Pierce, R. B. (2010). Long-term evaluations of length limit regulations for northern pike in Minnesota. North American Journal of Fisheries Management, 30(2), 412-432.
Tiainen, J. M., Olin, M. J., Lehtonen, H. V. T., Nyberg, K. B., & Ruuhijärvi, J. (2017). The capability of harvestable slot-length limit regulation in conserving large and old northern pike (Esox lucius). Boreal Environment Research.
5.7 There is strong scientific support for setting a maximum harvest size but insufficient information to specify the precise limit.
5.8 We propose that any pike of more than 60 cm in length must be released.
5.9 The value of a bag limit depends on the productive capacity of a water for pike and angling pressure. Furthermore, if there is strong density dependence, then it may be advantageous to remove small pike, up to a point, to stimulate increased growth in those remaining. We acknowledge, however, that there is little information available on the density dependence of pike stocks in any Scottish fisheries and therefore propose that a precautionary approach - a one fish bag limit - is appropriate.
5.10 We propose that a general bag limit of one pike, of maximum 60 cm in length, per person per day to prevent the depletion of stocks by excessive removals or commercial exploitation.
5.11 Although no systematic research has been possible, there is a large body of anecdotal evidence indicating that taking pike for the table in substantial numbers has become increasingly common across Scotland in the last fifteen years or so. Sport anglers' catches – especially of larger fish - from many formerly productive waters across the country are widely reported to have fallen significantly. In the worst instances illegal methods are being used, but more common are the reports of groups of anglers fishing intensively for the table and taking all the pike they can catch either for personal consumption or sale.

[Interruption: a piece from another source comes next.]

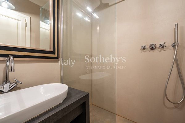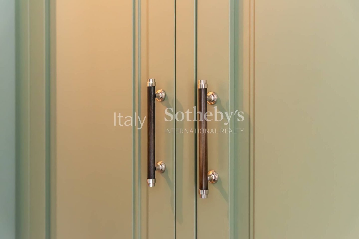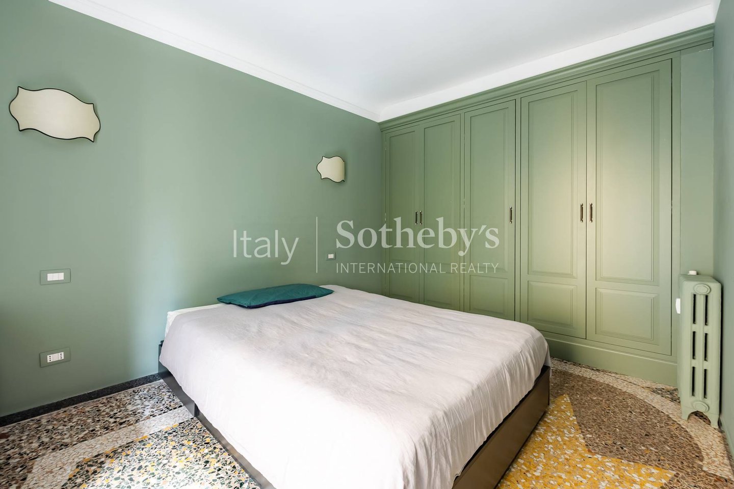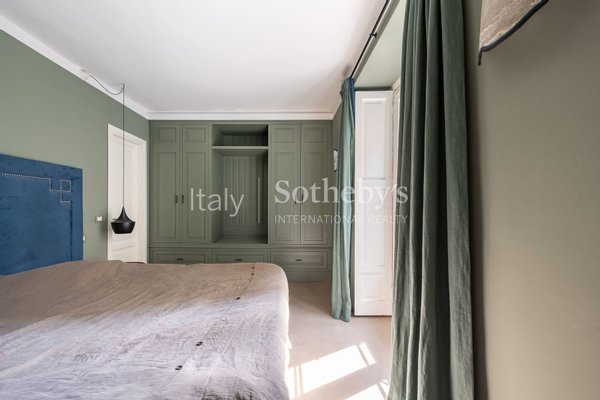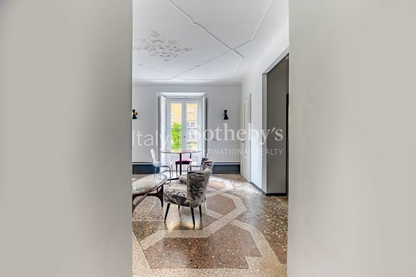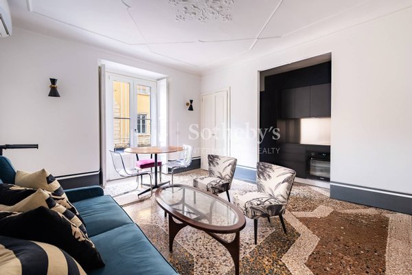 Der Raum dieser kleinen, eleganten Wohnung ist optimal genutzt - maßgefertigte Einbauschränke und Möbel in beiden Schlafzimmern sorgen für praktischen Stauraum. Hochwertige Materialien wie venezianischer Terrazzo-Boden und dekorative Stuckarbeiten an den Decken unterstreichen den stilvollen Charakter der Wohnung. Das Gebäude ist ein gepflegtes historisches Wohnhaus mit sehr gut erhaltenen Gemeinschaftsbereichen.

5.12 We propose that no person can sell, offer or expose for sale any pike that has been taken by rod and line.
Question 1 – Do you agree that any pike of more than 60 cm in length must be released? Please add any evidence you have in support of your position.
Question 2 – Do you agree that there should be a general bag limit of one pike, of maximum 60 cm in length, per person per day? Please add any evidence you have in support of your position.
Question 3 – Do you agree that no person should be able to sell, offer or expose for sale any pike that has been taken by rod and line? Please add any evidence you have in support of your position.